2

UPDATE: The tables look messed up so i put them on pastebin for better visibility. https://pastebin.com/gDX28uVF

I am using Neural Network with different learning types (for example Standard Backpropagation) to classify trends in time series. As stated in several papers, data normalization is a very important factor for successful / efficient learning. I am trying to be clear and precise as possible in the description.

**Problem / Learning Goal:**

The network gets trained with time series and 2 indicators to predict a specific cluster. Here is a very simple (madeup) example of raw data to understand the problem:

**Example RAW Data**
Timestamp;DensityX;WaveLengthY;Temperature (K)

1;0.1;2;200

2;0.9;3;150

3;-0.5;1;175

4;0;6;154

5;1;8;155

6;1.3;1.5;220

7;-0.5;3.4;250

8;0.2;2;255

9;0.1;1;180

see https://pastebin.com/gDX28uVF for better visual

I use the following process to generate suitable sample data for training:

The neural network receives n time slices with the indicators and tries to check if a future trend in the temperature occurs (for x future time slices). For example n = 2; x=3.

The input and output are defined as follows:

**Input vector:**

- In1 = Density_(t-2)
- In2 = Wavelength_(t-2)
- In3 = Density_(t-1)
- In4 = Wavelength_(t-1)

**Output vector:**

Output Vector is a classification encoded by Effects Encoding or Dummy Encoding (Details in “Neural Networks using C# Succinctly”)

Calculation:

- Classification “Down” : Temperature drops 3 times in a row (Encoded as 0;1)
- Classification: “Stable”: Temperature does neither drop nor raises 3 times in a row (1;0)
- Classification: “Up”: Temperature raises 3 times in a row. (-1;-1;)
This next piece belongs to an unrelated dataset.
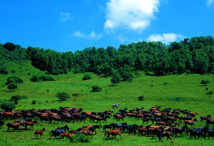 西周初年,秦人先祖非子就在汧渭之間為周王室飼牧養(yǎng)馬,“馬大蕃息”,功績(jī)卓著,周孝王8年(前890)被封為食邑,建城于現(xiàn)在隴縣牙科鄉(xiāng)磨兒塬。公元前776年,秦襄公遷建汧邑,位于現(xiàn)在隴縣東南鄉(xiāng)鄭家溝塬,公元前770年,襄公護(hù)送周王室東遷洛邑,有功于周平王,被正式封為諸候,汧邑成為秦國(guó)第一個(gè)都城持續(xù)到公元前762年,長(zhǎng)達(dá)14年,秦人在隴山山地草原由畜牧業(yè)起步,完成了從游牧向農(nóng)業(yè)民族的轉(zhuǎn)變過(guò)程;也正是在千河平原建立了諸候國(guó),走向了關(guān)中平原,進(jìn)而統(tǒng)一了全國(guó)。因此,隴山山地和千河流域是秦文化的發(fā)祥地,也是中華民族統(tǒng)一的漢文化形成的發(fā)源地之一。 秦統(tǒng)一后,隴山千河之地雖成為一普通的州縣,但仍為西北之門戶,巖疆重地,系全秦之安危,被視為“咽喉呼吸之關(guān),鎖鑰關(guān)鍵之固”的兵家必爭(zhēng)之地。版權(quán)所有山東聊城聊之旅國(guó)際旅行社有限公司,轉(zhuǎn)載必究!漢王朝初期,北疆游牧民族統(tǒng)一于匈奴軍事帝國(guó),占有很大軍事優(yōu)勢(shì),漢王朝被迫采取“和親”之策,以勉其掠州奪郡。漢武帝時(shí)轉(zhuǎn)為戰(zhàn)略反攻,終于挫敗匈奴,奠定了中國(guó)的疆域基業(yè)。漢匈之戰(zhàn)是中國(guó)統(tǒng)一多民族國(guó)家形成的重要環(huán)節(jié),而這一過(guò)程的實(shí)現(xiàn)與關(guān)山草原密切相連。漢王朝軍事力量的強(qiáng)大,除得益于文景之治國(guó)力大增外,還憑借于作戰(zhàn)軍隊(duì)完成了由步兵為主向騎兵為主的轉(zhuǎn)變,大范圍機(jī)動(dòng)作戰(zhàn)能力的形成。而當(dāng)時(shí)的隴山地區(qū),是漢王朝北擴(kuò)前擁有的重要牧區(qū),西域傳入的良馬佳駒在這里得以繁衍,滿足了軍事活動(dòng)的需要。據(jù)說(shuō)漢代時(shí)關(guān)山一帶牧養(yǎng)的馬匹達(dá)30多萬(wàn)匹。霍去病20歲第一次率萬(wàn)余精騎出擊匈奴,就是過(guò)關(guān)山出隴西,沿祁連山直趨西北,長(zhǎng)途奔襲,凱旋而歸。盛唐之時(shí),關(guān)山牧馬業(yè)更為發(fā)達(dá),朝廷設(shè)立了隴右牧馬監(jiān),王候?qū)⑾嗟乃侥烈捕喾硼B(yǎng)于此。中國(guó)歷史的漢唐雄風(fēng)之中必然也包括源于關(guān)山草原的漢唐朝駿馬的雄姿。 《木蘭辭》 中有“關(guān)山度若飛”一句,說(shuō)的就是這里的關(guān)山。

So the “processed” training sample would look like this:

**Processed Data**

Pattern;I1;I2;I3;I4;O1;O2;Class;Used TS

1;0.1;2;0.9;3;0;1;Down;1 to 5

2;0.9;3;-0.5;1;-1;-1;Up;2 to 6

3;-0.5;1;0;6;-1;-1;Up;3 to 7

4;0;6;1;8;1;0;Stable;4 to 8

5;1;8;1.3;1.5;1;0;Stable;5 to 9

see https://pastebin.com/gDX28uVF for better visual

As you can see due to the different indicators ranges I want to normalize the data.

Basically I found the following propositions in literature and research:

**Min/Max Normalization**

Requires the following values to calculate - dataHigh: The highest unnormalized observation.

dataLow: The lowest unnormalized observation.

normalizedHigh: The high end of the range to which the data will be normalized.

normalizedLow: The low end of the range to which the data will be normalized.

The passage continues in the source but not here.